TASK PROMPT
Copy the listing below exactly. Pictures stay out of it.

SOURCE MATERIAL
______
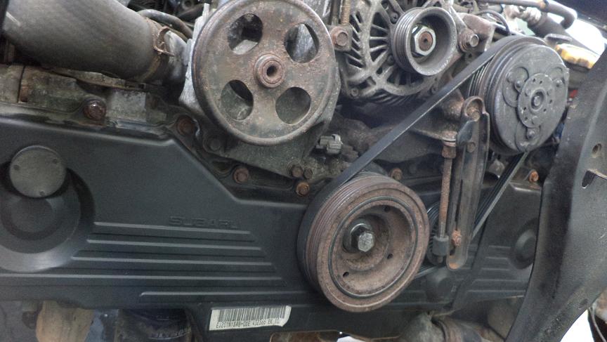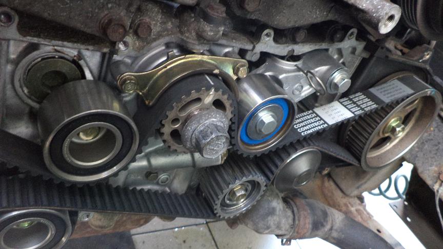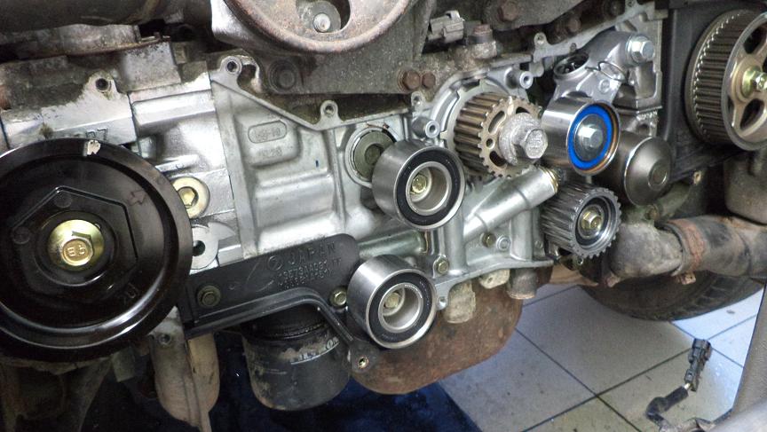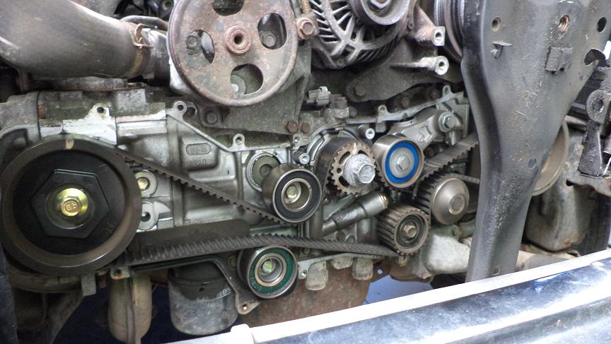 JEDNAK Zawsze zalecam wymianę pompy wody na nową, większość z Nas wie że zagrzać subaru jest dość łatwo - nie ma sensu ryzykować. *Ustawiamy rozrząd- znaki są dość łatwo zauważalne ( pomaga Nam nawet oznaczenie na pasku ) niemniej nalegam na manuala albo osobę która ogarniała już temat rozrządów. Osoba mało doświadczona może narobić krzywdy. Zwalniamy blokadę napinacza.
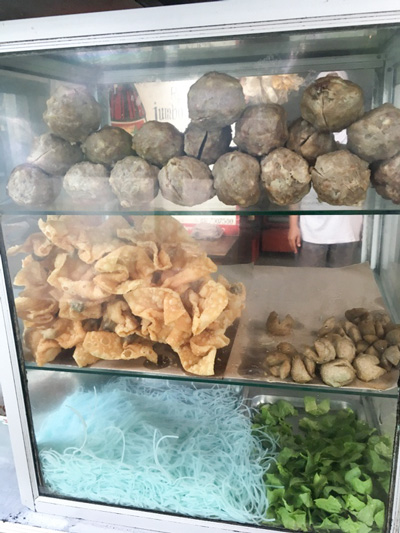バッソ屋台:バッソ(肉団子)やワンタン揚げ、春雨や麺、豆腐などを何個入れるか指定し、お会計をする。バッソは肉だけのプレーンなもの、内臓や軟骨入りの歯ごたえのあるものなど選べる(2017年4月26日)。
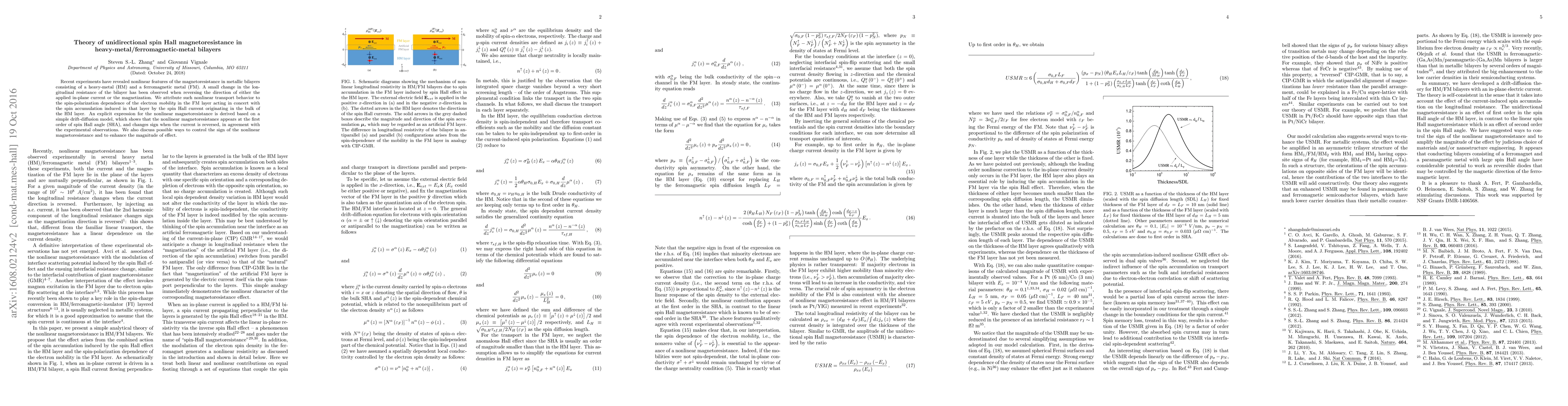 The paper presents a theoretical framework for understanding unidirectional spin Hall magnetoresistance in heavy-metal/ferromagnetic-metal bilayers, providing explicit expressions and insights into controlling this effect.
______
WRITTEN ANSWER
 JEDNAK Zawsze zalecam wymianę pompy wody na nową, większość z Nas wie że zagrzać subaru jest dość łatwo - nie ma sensu ryzykować. *Ustawiamy rozrząd- znaki są dość łatwo zauważalne ( pomaga Nam nawet oznaczenie na pasku ) niemniej nalegam na manuala albo osobę która ogarniała już temat rozrządów. Osoba mało doświadczona może narobić krzywdy. Zwalniamy blokadę napinacza.
バッソ屋台:バッソ(肉団子)やワンタン揚げ、春雨や麺、豆腐などを何個入れるか指定し、お会計をする。バッソは肉だけのプレーンなもの、内臓や軟骨入りの歯ごたえのあるものなど選べる(2017年4月26日)。
 The paper presents a theoretical framework for understanding unidirectional spin Hall magnetoresistance in heavy-metal/ferromagnetic-metal bilayers, providing explicit expressions and insights into controlling this effect.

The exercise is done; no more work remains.